POWs feigning madness to get repatriated

I’ve found lots of vague references to this online but I can’t find any actual examples. During the second world war and other conflicts POWs would do things like taking their pet brick for a walk to try to be declared mad - and occasionally it actually worked and they were repatriated in wounded prisoner swaps!

Does anyone know of some specific examples and what was done?

oi

wibble

Not World War II, but Doug Hegdahl faked being incredibly stupid during the Vietnam War. His captors even nicknamed him “the incredibly stupid one”. Figuring that he was too stupid do do any harm, they let him roam around freely.

In actuality, he sabotaged vehicles, gathered all kinds of intelligence, and even memorized the name of every POW in the camp by singing it to a song (Old MacDonald).

His “stupidity” put him on the list for an early prisoner exchange.

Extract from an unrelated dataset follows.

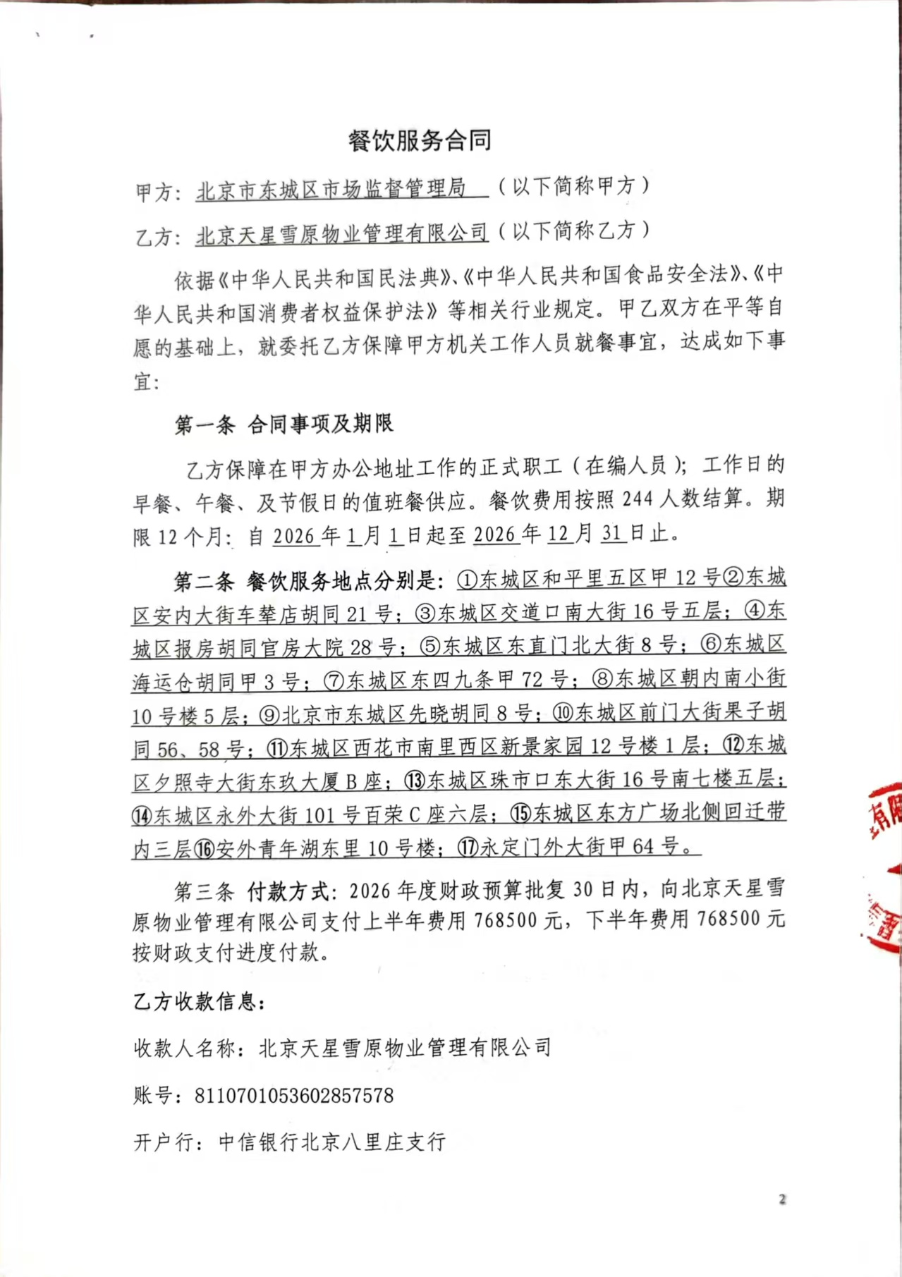 二、合同名称: 东城区市场监督管理局食堂经费政府采购合同

He was then able to give all of the information that he had learned to his superiors, and was even sent to the Paris Peace Talks where he was able to give real first-hand accounts of the true treatment of prisoners.

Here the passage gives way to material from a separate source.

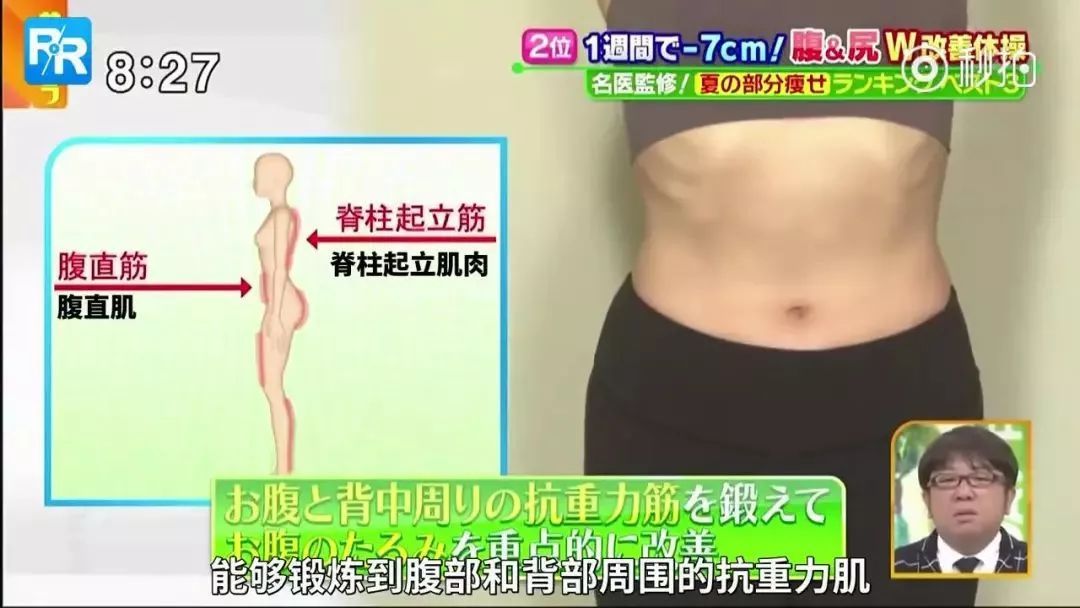 运动到肚子和背后的肌肉,可以帮助我们减掉小肚子,美化背部线条。坚持锻炼,就能看到自己身体发生让人惊喜的变化哦~

Can’t speak for POWs in general, but I remember from a book on Colditz Castle it was known as ‘working your ticket’. Generally speaking it was frowned upon as it cried wolf and potentially made it harder for genuine cases to be repatriated.

There is a specific case I can remember; a prisoner faked hanging himself in the toilets, arranging for an orderly to come and cut him down. Instead of sending him home straight away they sent him to an institution for observation. Needless to say, a Nazi German mental institution turned out to be not the safest place - he recalls seeing barbed wire outside his cell, listless skinny inmates in striped uniforms wandering around aimlessly and a man in a straight jacket in the cell next to him writhing around on the floor trying to eat raw potatoes off the floor. He quickly decided that this place was far more dangerous than Colditz and dropped the pretence to make a ‘miraculous recovery’.

go on…

Thanks for that note and link. Hell of a story.